FIG 1. FLUORESCENCE& PHOSPHORESCENCE
• Fluorescence Spectrometry is a fast, simple & inexpensive method to determine the concentration
of an analyte in solution based on its fluorescent properties.
• In Fluorescence Spectroscopy, a beam with a wavelength varying between 180 to 800 nm passes
through a solution in a cuvette. Then, measurement from an angle the light that is emitted by the
sample.
• In Fluorescence Spectrometry, there is a measurement of both an excitation spectrum (the light that
is absorbed by the sample) & an emission spectrum ( the light emitted by the sample) This is done
by means of the quantum yield, which is defined as the fraction of the incident radiation which is re-
emitted as fluorescence.
• The concentration of the analyte is directly proportional with the intensity of the emission.
• When recording an emission spectrum, the intensity is dependent on:
• Excitation of wavelength
• Concentration of the anylte solvent
• Path length of the cuvette
• Self-absorption of the sample
• Factors effecting Fluorescence Intensity:
• Conjugation
• Nature of substituent groups
• Rigidity of structure
• Effect of temperature
• Viscosity
• Oxygen
• Effect of pH
• Photochemical Decomposition
WORKING PRINCIPLES OF FLUORESCENCE:
• Only a relatively small number of compounds can fluorescence
• By adding a fluorescent label, some non-fluorescent compounds can be made
fluorescent.
• In general, molecules that show fluorescence have one or more aromatic
groups in its structure.
• A molecule can be excited from its electronic ground state
• In the electronic ground state, the molecule has the lowest possible electronic
energy. Upon excitation (the absorption of a photon) one of the electrons goes
into a higher electronic state and the molecule is excited.

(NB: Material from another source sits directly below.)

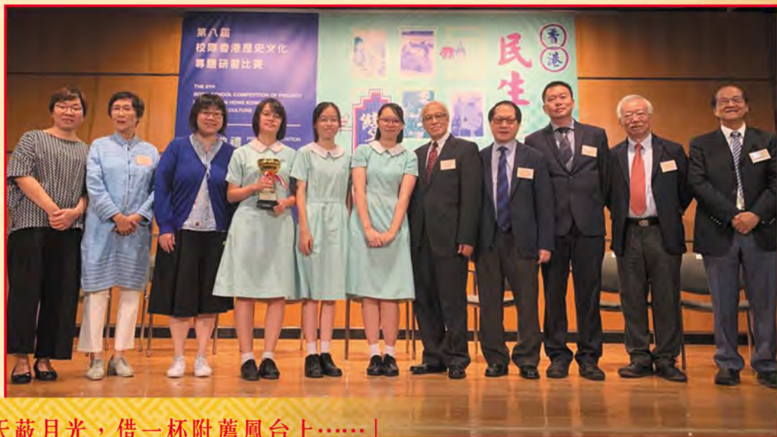
師生與一眾評審委員會成員合照。

「落花滿天蔽月光，借一杯附薦鳳台上……」 大家是否覺得歌詞似曾相識？這正是著名粵劇 《帝女花·香夭》一節中的詞句。

• The molecule will stay in its electronic excited state in the order of pico or
nanoseconds
• Then the electron will fall back to its ground state & will emit a photon of a
longer wavelength than the photon used for excitation.

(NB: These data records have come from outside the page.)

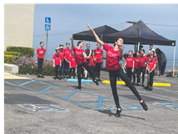
アメリカンダンス

続いてパフォーマンスが始まり、現地市民によるアメリカンダンスの披露、現地日本人による歌と踊りの披露やウクレレ奏者によるパフォーマンスが行われ、日本人の舞踊会による東京音頭の演奏時には、両市関係者がともに盆踊りに参加し交流を深めることが出来た。
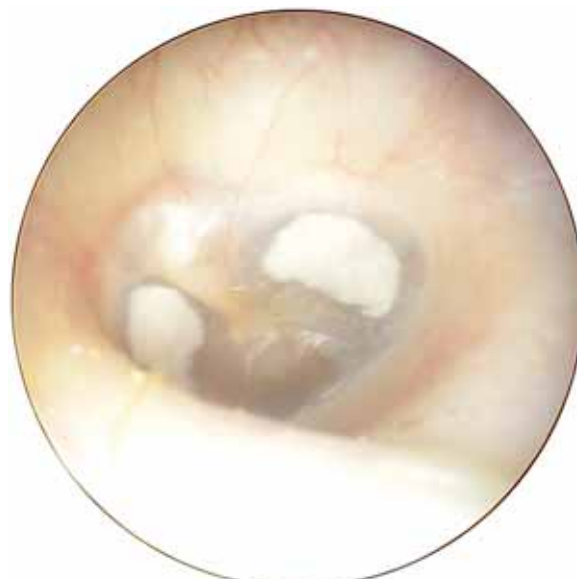
2. ábra | Meszes plakk a dobhártyában

deltünk be kontrollvizsgálatra, ebből 312-en jelentek meg. Betegeinknél kérdőíves felmérést (l. 1862. oldal), mikroszkópos dobhártyakép-vizsgálatot, tympanometriát, ETF1–2 és hallásküszöb-vizsgálatot végeztünk. Az 1. táblázat megmutatja, milyen műtéti típusok fordultak elő a kontrollvizsgálaton megjelent betegeknél, zárójelben az osztályon grommetet kapott összes beteg műtéti megoszlása szerepel. 73%-ban kétoldali tubusbehelyezés történt, és az egy időben oki terápiaként végzett egyéb műtét 96%-ban adenotomia volt. A csak tympanomeatalis tubust kapott gyermekeknél már korábban történt az adenotomia, illetve néhány esetben az általános állapotuk nem tette lehetővé az adenotomia elvégzését (alsó felső légúti hurut, szájpadhasadék stb.).
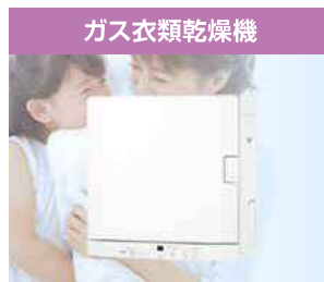
雨や灰も気にせず、家事の時短を実現できます。

• In this experiment, the fluorescence mission of Quinine Sulfate in aqueous
solution will be studied as a function of pH. Once there is an establishment of
necessary pH for maximum fluorescence intensity, a calibration curve will be
prepared using a series of standard solutions. The Quinine content of a
commercial preparation will then be determined.
INSTRUMENTATION:
• Source of light: There are four types,
1. Mercury Vapour Lamp: - Produce intense line spectrum above 350nm.High pressure lamps gives lines at 366,405,
436, 546,577,691,734nm.Low pressure lamps give additional radiation at 254nm.
2. Xenon Arc Lamp: - Spectrum is continuous over the range between over 250- 600nm, peak intensity about 470nm.

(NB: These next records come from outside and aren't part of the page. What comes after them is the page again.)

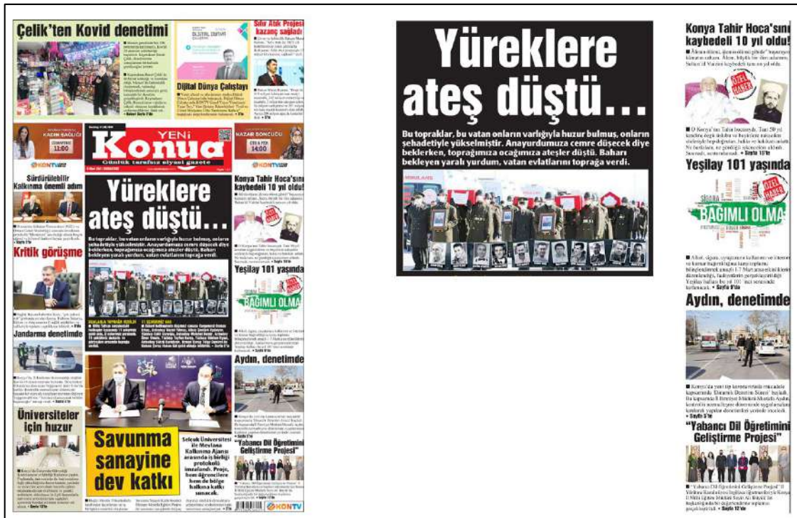
Resim 37: Yeni Konya gazetesi 06.03.2021, Tipografik Açıdan Ana ve Ara Başlıkların Kullanımı.

Ayrıca haber ara başlıkları incelendiğinde alt alta gelen haber başlıklarının punto büyüklüklerinin ve harf kalınlıklarının birbirine yakın olduğunu ve tırnaksız yazı karakteri kullanıldığı, haber önem sırasına göre yerleştirilmediği ve ana başlık ile ara başlıkların tırnaksız aynı font karakterinden oluşturulduğu görülmüştür. Haber başlıklarının haber alanına göre düzenlendiği düzgün bir şekilde yerleştirildiği inceleme sonucunda tespit edilmiştir
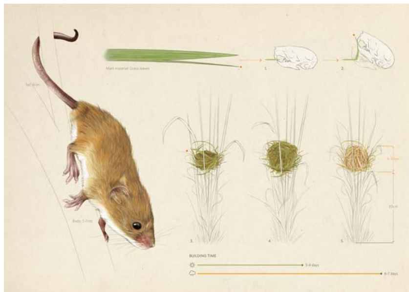
Micromys minutus . Construcción del nido para la el cuidado de su descendia / Clara Prieto

presentadas, colombianos, con 38 propuestas, rusos, con 34 obras, y mexicanos y argentinos, empatados con 28 propuestas.
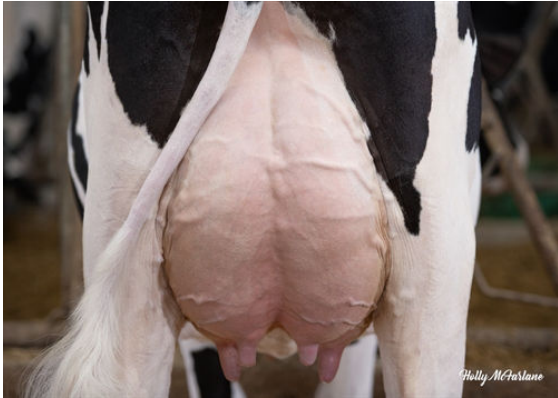
PROGENESIS ROYALFLUSH PAPAYA DAM

GESUNDHEIT UND FRUCHTBARKEIT Immunity 91

3. Tungsten Lamp: - Intensity of the lamp is low. If excitation is done in the visible region this lamp is used.
4. Tunable Dye Lasers: - Pulsed nitrogen laser as the primary source. Radiation in the range between 360 and 650 nm is
produced.
• Condensing Lens
• Filters & Monochromators:
In inexpensive filter fluorimeter two filters are presnt,
1. Primary filter-absorbs visible light & transmits uv light.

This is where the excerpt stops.